Each SSTable is broken up into multiple files or components. These are the components as of the 3.0 release:

Data.db

These are the files that store the actual data and are the only files that are preserved by Cassandra’s backup mechanisms, which you’ll learn about in Chapter 12.

CompressionInfo.db

Provides metadata about the compression of the Data.db file.

Digest.crc32

Contains a CRC 32 checksum for the *-Data.db file.

Filter.db

Contains the bloom filter for this SSTable.

Index.db

Provides row and column offsets within the corresponding *-Data.db file. The contents of this file are read into memory so that Cassandra knows exactly where to look when reading data files.

Summary.db

A sample of the index for even faster reads.

$Statistics.db

Stores statistics about the SSTable which are used by the nodetool tablehistograms command.

$TOC.txt

Lists the file components for this SSTable.

Older releases support different versions and filenames. Releases prior to 2.2 prepend the keyspace and table name to each file, while 2.2 and later leave these out because they can be inferred from the directory name.

We’ll investigate some tools for working with SSTable files in Chapter 12.

Lightweight Transactions

As we’ve discussed previously in Chapter 1, Cassandra and many other NoSQL databases do not support transactions with full ACID semantics supported by relational databases. However, Cassandra does provide two mechanisms that offer some transactional behavior: lightweight transactions and batches.

Cassandra’s lightweight transaction (LWT) mechanism uses the Paxos algorithm described in Chapter 6. LWTs were introduced in the 2.0 release.
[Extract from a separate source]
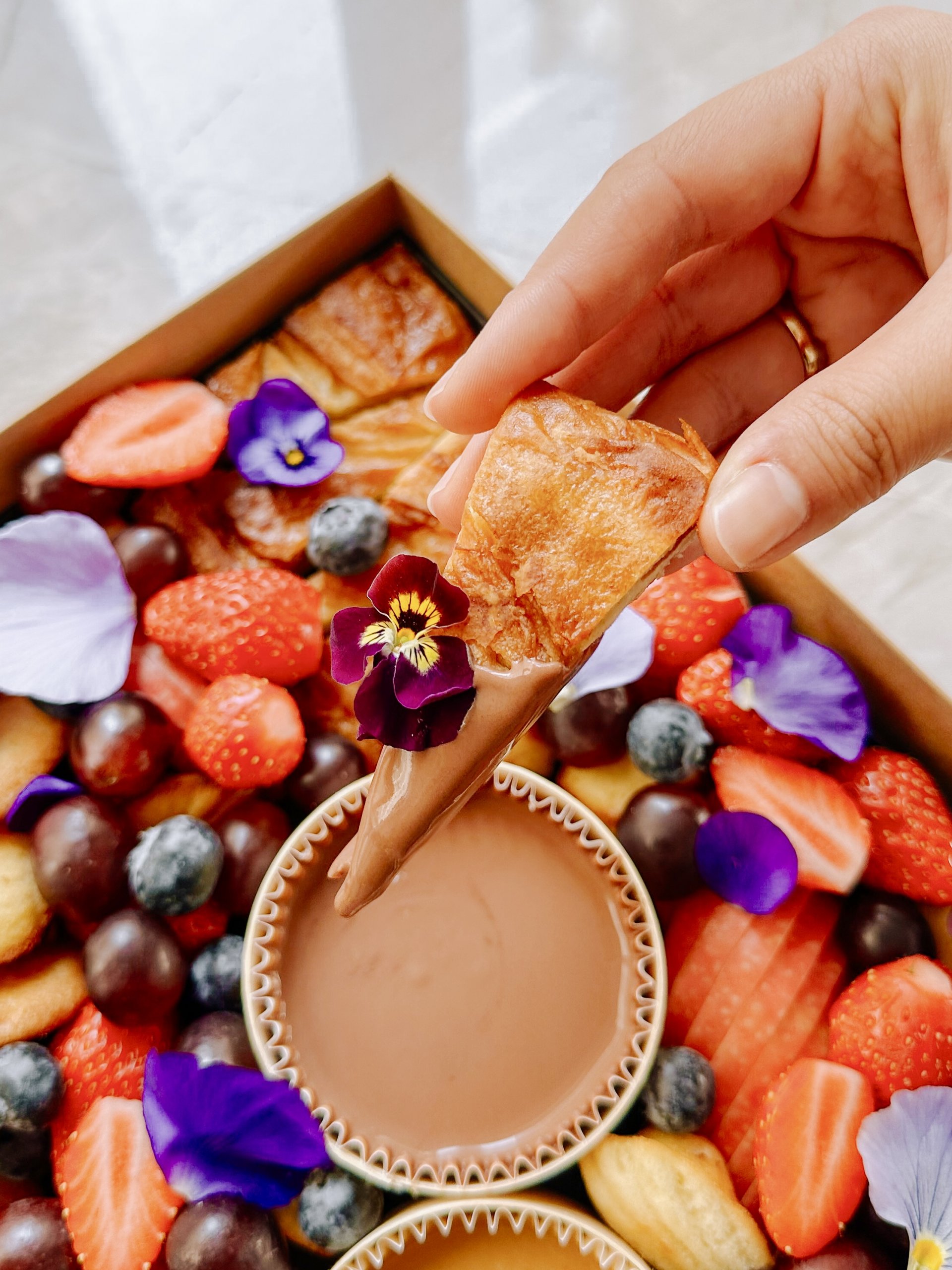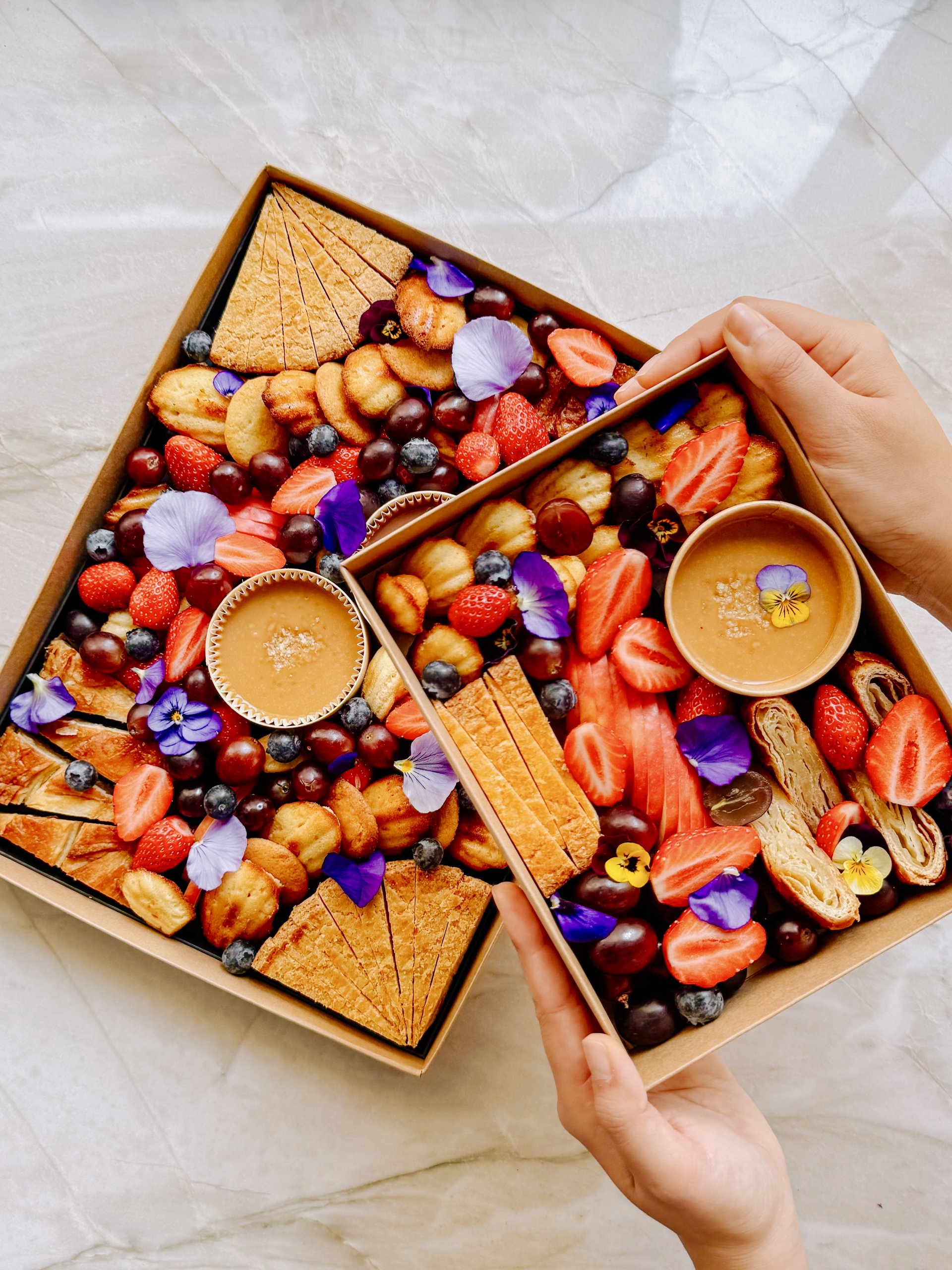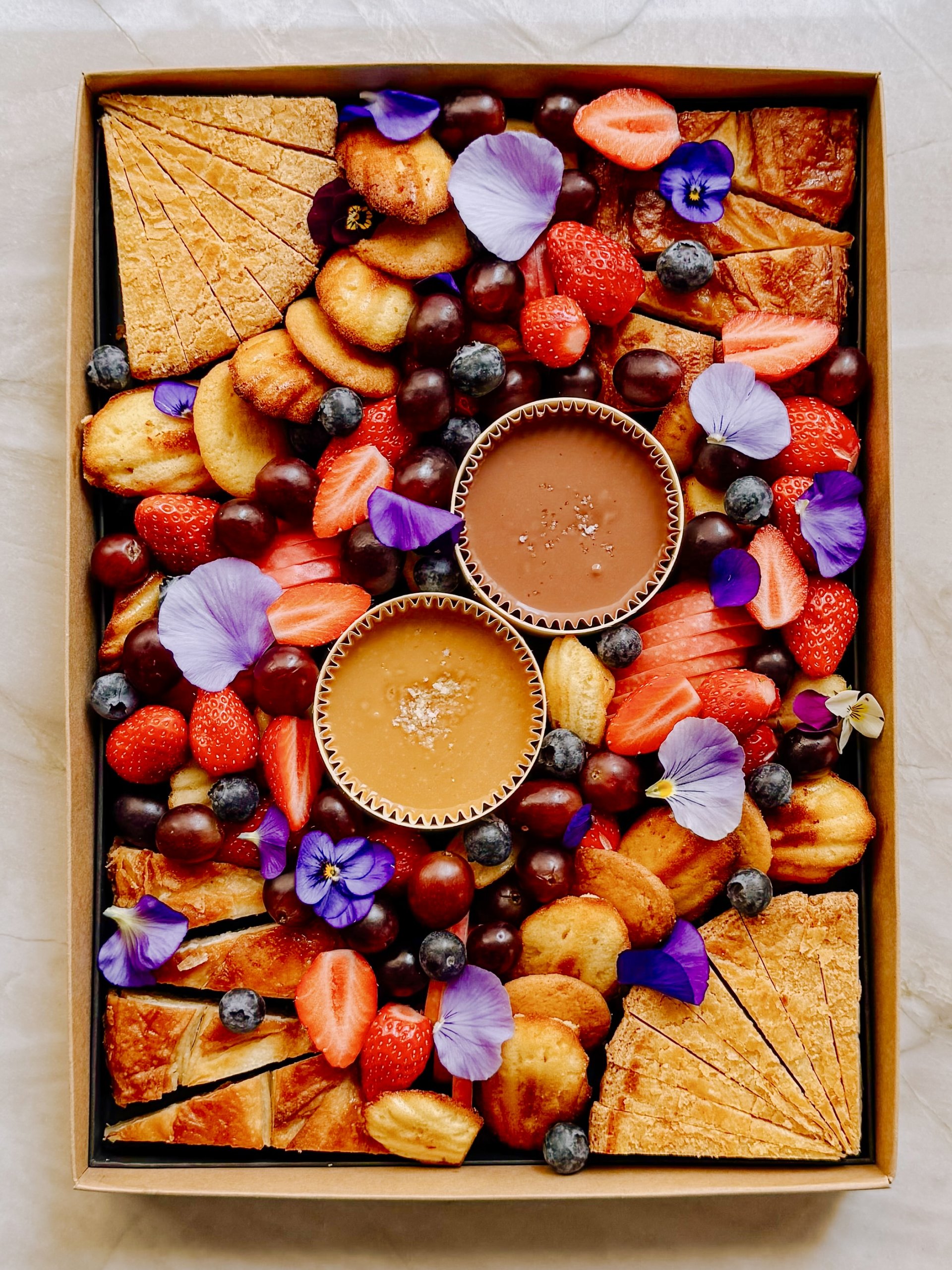 Pensé pour le partage, ce plateau se complète de grandes et mini madeleines maison, de sablés bretons maison au beurre, et de fruits frais et de saison venant apporter équilibre et fraîcheur à l’ensemble.

LWTs support the following semantics:

  • On an INSERT, adding the IF NOT EXISTS clause will ensure that you do not overwrite an existing row with the same primary key. This is frequently used in cases where uniqueness is important, such as managing user identity or accounts, or maintaining unique reservation records as you’ll see below. Alternatively, the IF EXISTS clause will only update the row with the provided primary key if it is already present in the database. This is effectively limiting Cassandra’s upsert behavior.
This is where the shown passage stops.